China Construction Bank is China's second largest moneylender and, according to the prospectus, it has $810 billion in assets. It is often tapped for the funding of infrastructure improvements such as roads, bridges and dams. It is also the country's largest mortgage and real estate lender – providing 22% of China's mortgages and 13% of its overall loans. The bank plans to offer up a total of 9 billion Class A shares.
China Citic Bank, the eighth largest Chinese bank, first set the bar earlier this year, bringing in a reported $5.4 billion from a stock offering. It sold 2.3 billion new Yuan-denominated shares in Shanghai at 5.8 Yuan each, and another 4.89 billion shares in Hong Kong at 5.86 Hong Kong dollars per share.
With this additional capital, financial institutions can increase their lending to fuel China's economic expansion, while at the same time extracting some liquidity from the economy. Massive stock offerings have been repeatedly encouraged by Beijing as a means of satisfying investor demand and providing more reliable ‘blue-chip' investment opportunities.
Also, according to MarketWatch.com, Chinese city commercial lender Bank of Beijing Co., said Monday that the subscription period for its initial public offering of $1.2 billion Class A shares would be from Sept. 10 to Sept. 11. The bank is set to become the third domestically listed city lender when it starts trading on the Shanghai Stock Exchange around Sept. 19. It will also be the latest Chinese firm to put aside plans for a Hong Kong IPO.

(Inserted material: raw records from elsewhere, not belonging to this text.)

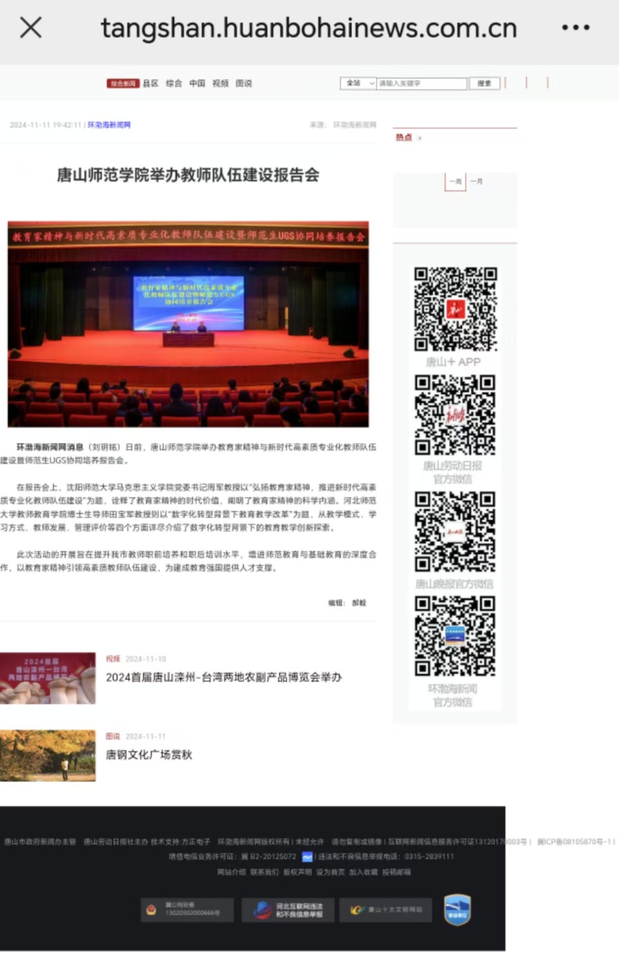 日前,唐山師范學(xué)院舉辦教育家精神與新時(shí)代高素質(zhì)專業(yè)化教師隊(duì)伍建設(shè)暨師范生UGS協(xié)同培養(yǎng)報(bào)告會(huì)。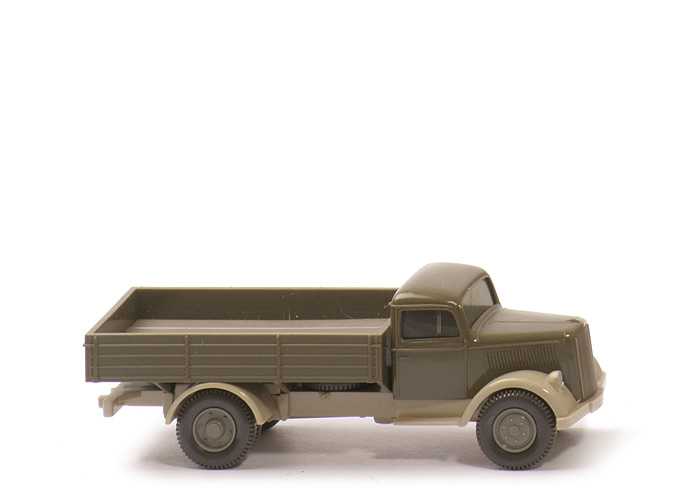 Kabine | hellolivgrün | Verglasung | getönt | Blitz auf Grill | ohne | Chassis Farbe | hellgelbgrau | Chassis Bodenprägung | WM | Zughaken | ohne | Chassis hinten | geschlossen | Reserverad | unter Pritsche mittig | Pritsche | hellolivgrün | Pritsche Bodenprägung | 335, WIKING Germany | Pritscheneinlage | hellgraubeige | Bemalung | Scheinwerfer silber | Räder | 11mm, Profil fein | Felgen | zementgrau eingesetzt | Plane | hier ohne |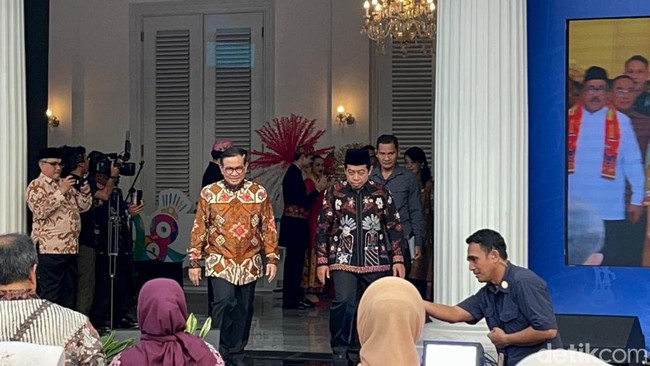 Pantauan detikcom di lokasi, Jumat (4/7/2025), Pramono tiba pada pukul 16.44 WIB. Pramono tampak mengenakan batik cokelat.

Reportedly, the Bank of Beijing originally planned to launch a Hong Kong IPO in the first half of 2007. But the bank has postponed its Hong Kong listing as Chinese regulators continue steering high-quality local companies to the Shanghai and Shenzhen exchanges, hoping to meet the rapidly growing demand in the countrys market and sandbag it with larger, less-speculative investment opportunities.
More IPOs of this kind are anticipated throughout the remainder of the year. The 41 IPOs that took place on the Shanghai and Shenzhen exchanges in the first half of 2007 raised about $17.28 billion. In all of 2006, $21.62 billion was raised.